= Thomas George Percy =

Alabama planter

Thomas George Percy Sr. (1786-1841) was an American planter in Alabama.

==Biography==
The son of Charles "Don Carlos" Percy, (1704–1794), a plantation owner with pretensions to blood lines of the Dukes of Northumberland, he was born in Alabama in the late 1780s and graduated from Princeton in 1806.

He married Maria Pope in 1814 or 1815. His fellow Princetonian and friend, John Walker, one of the first two senators from Alabama, married Maria's sister Matilda. Both men built houses on abutting estates in Huntsville and named their sons for each other. Through their wealthy planter father, LeRoy Pope, the sisters were related to the English poet Alexander Pope.

Percy managed the affairs for Walker while he was away in Washington, D.C. Percy stayed in Huntsville, enjoying his large library and extended family. He died in 1841 and was buried in Maple Hill Cemetery (Huntsville, Alabama).

He and Maria named their eldest son John Walker, after his boon companion. Their second son, Charles Brown, was named after a third friend in Huntsville, Samual Brown, a distinguished physician who had studied medicine at Edinburgh. (Brown married Catherine Percy; their two children died in infancy.) Percy and Maria named their third son, LeRoy Pope, after her father. The youngest was named William Alexander. John William Walker reciprocated by naming one of his sons Percy.

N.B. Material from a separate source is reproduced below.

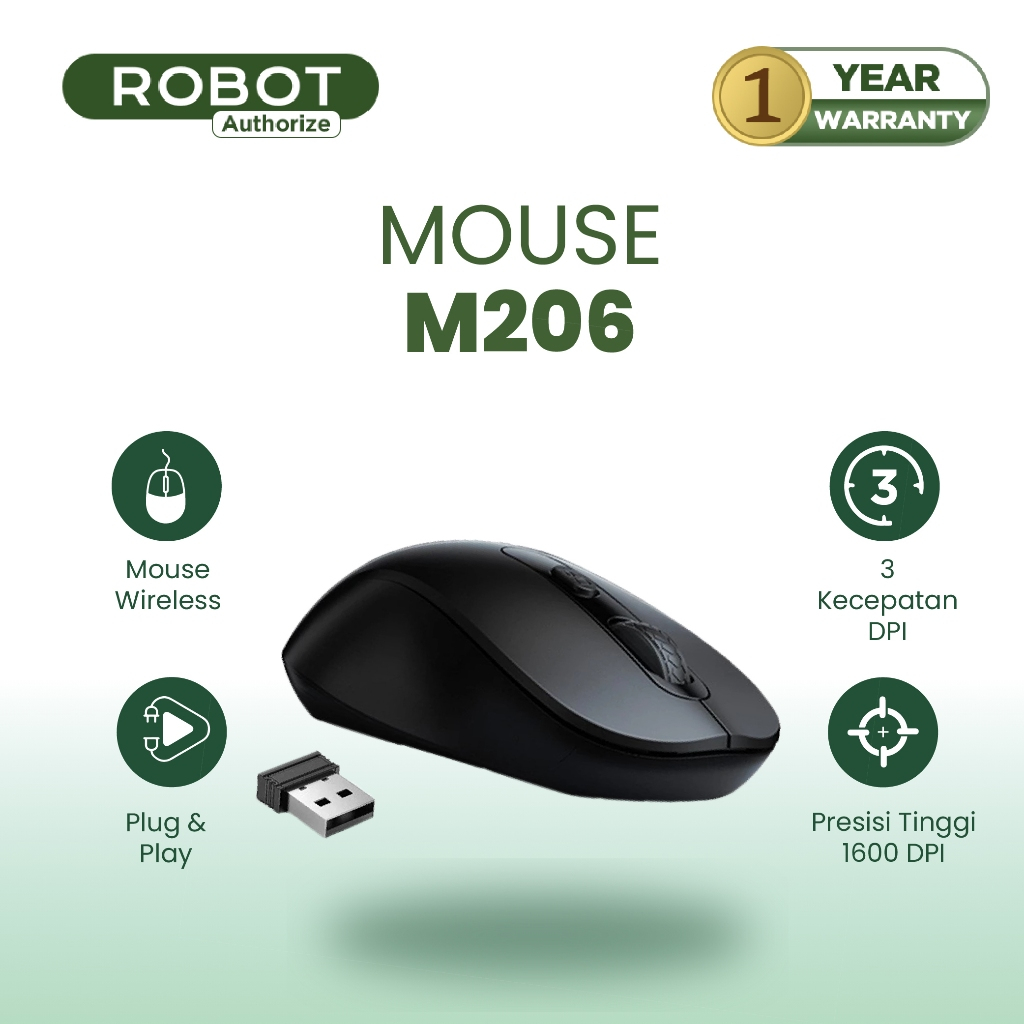 [Mall] ROBOT M206 MOUSE WIRELESS 2.4GHZ OPTICAL 1600DPI COCOK UNTUK PC/LAPTOP ORIGINAL - GARANSI 1 TAHUN

The Percys' youngest son, William Alexander Percy, married Nana Armstrong, a daughter of William Armstrong, a wealthy US Indian agent. Nana was the first cousin of George Armstrong Custer; both cousins were grandchildren of General James "Trooper" Armstrong, a hero of the War of 1812.

William Alexander Percy became a colonel in the Confederate States Army. After the war, Colonel Percy, a successful railroad developer, was elected to the state legislature. He headed the committee of the Mississippi House of Representatives that impeached Adelbert Ames, considered to be the last carpetbagger governor of Mississippi.